Dominic Brennan gets his hands on ESI Group’s latest iteration of IC.IDO, their automotive visualisation tool that uses CAD-accurate data to generate extremely realistic VR simulations which let you take apart (or fix) your own virtual car.
The GPU Technology Conference in Amsterdam drew much interest from the automotive sector, with a focus on autonomous driving, AI and visualisation. ESI Group’s IC.IDO program is an established virtual reality software solution with a long history in automotive and other manufacturing industries, through the use of CAVE systems, Powerwalls and 3D displays. For many years, it has been the leading software for workflow testing and decision making in a VR environment, with customers such as Bombardier, Ford and MAN.
In the VR Village, ESI Group were showcasing their upcoming Version 11 of IC.IDO, which enables HMD support (it was running on the HTC Vive, but will support the Oculus Rift too). While the beta version had been unveiled at ESI’s North American VR Summit a couple of weeks before GTC Europe, this was the first time it was being shown to the wider press.
The demo was presented as a “Virtual Service” scenario for a vehicle, which involved mounting the “Brake Booster” in an offline assembly operation, and raising the car on a hoist to access the exhaust pipe. According to Eric Kam, Product Marketing and Community Manager at ESI Group, this was a simplified demo, which would typically involve more accessibility and serviceability checks with engineers, technicians and designers present to validate the process. “What makes IC.IDO special is that we enable engineers to work with CAD data with little or no pre-processing of CAD into new or reduced formats.” The software is powerful, modelling multi solid body mechanics and the elastic behaviour of wires and hoses.
With everything set to real-life scale, picking up a virtual tool with a Vive controller, stepping under the car, loosening some bolts and removing part of the exhaust felt natural and most importantly, it was clear that each piece was interacting with other pieces with accurate collision detection. “Often time during service it would be desired to remove components without having to take all subsystems apart – modelling real-time interactions of the various parts is essential,” says Eric. “Most CAD mock up tools will not live simulate the collisions possible during assembly”.

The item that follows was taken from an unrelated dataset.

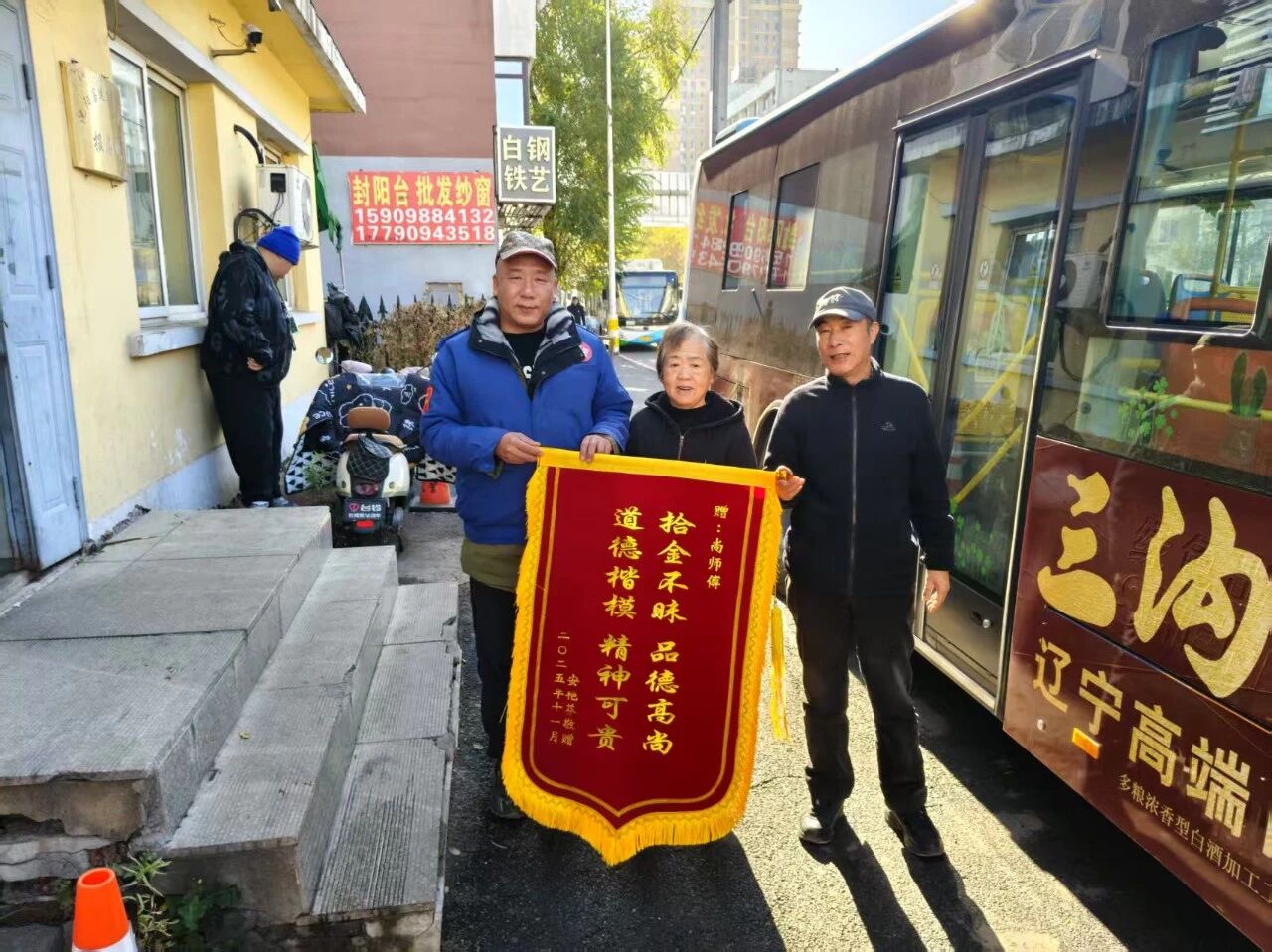 次日清晨,好消息如期而至。失主安女士手持錦旗專程趕到車隊駐地,一見到尚麒麟便緊緊握住他的手:“發(fā)現(xiàn)包不見時我急壞了!這錢是剛從銀行取出應(yīng)急用的,要是丟了真不知如何是好?!卞\旗上“拾金不昧品德高尚 道德楷模精神可貴”的金色大字,映照著她激動的面容,“太感謝尚師傅了,您幫我挽回了重大損失!”

One aspect of virtual testing that differs from reality is the mass of the components involved. The brake booster I clumsily fitted in VR is certainly not as a light as a Vive controller in real life for instance. IC.IDO has a few solutions to offer, depending on the application, according to Eric. “We often use our ergonomics plugin to enable useful feedback. These types of analysis allow the “pantomime” of VR to evaluate what would happen to humans if they followed those same actions under load. It indicates whether supporting a heavy virtual object under a given posture would stress the body in a bad way.” Using tracked objects with realistic mass, like the actual tools or assembly components is something that they’ve done in the past with CAVEs, but less practical for a VR headset. “Some mix between VR and AR would be needed”, says Eric.
But the benefits of HMDs over CAVEs is pretty clear – for one it is far more cost-effective, and can be set up more easily and used more frequently. Achieving the actions in the demo of getting underneath a car on a hoist would require ceiling projection, which not all CAVE systems have. Ultimately, the HMD is a simpler solution and “key to democratising the engineering benefit”, according to Eric. “The reduced cost means that now engineering decisions that are often “batched” into larger reviews can be made more frequently and earlier. CAVEs are very powerful collaboration tools that are often used by executives and managers of engineering groups to make key gate reviews. Because these reviews are made infrequently, that means that intermediate decisions are often made without the benefit of VR. HMDs might mean that two rank-and-file engineers at different locations could potentially collaborate immersively to make a better design decision without waiting until the CAVE is free.”
Version 11 of IC.IDO rolls out in November. HMD support will be an add-on for the existing desktop version of the software. “We believe that with version 11.0 our customers will be more effective in being able to review immersively that which could not be experienced without a CAVE”, says Eric. “More frequent and earlier application of VR will mean that engineering designs will be more mature and more cost effective.”
Disclosure: Nvidia paid for accommodation for one Road to VR correspondent to attend an event where information for this article was gathered.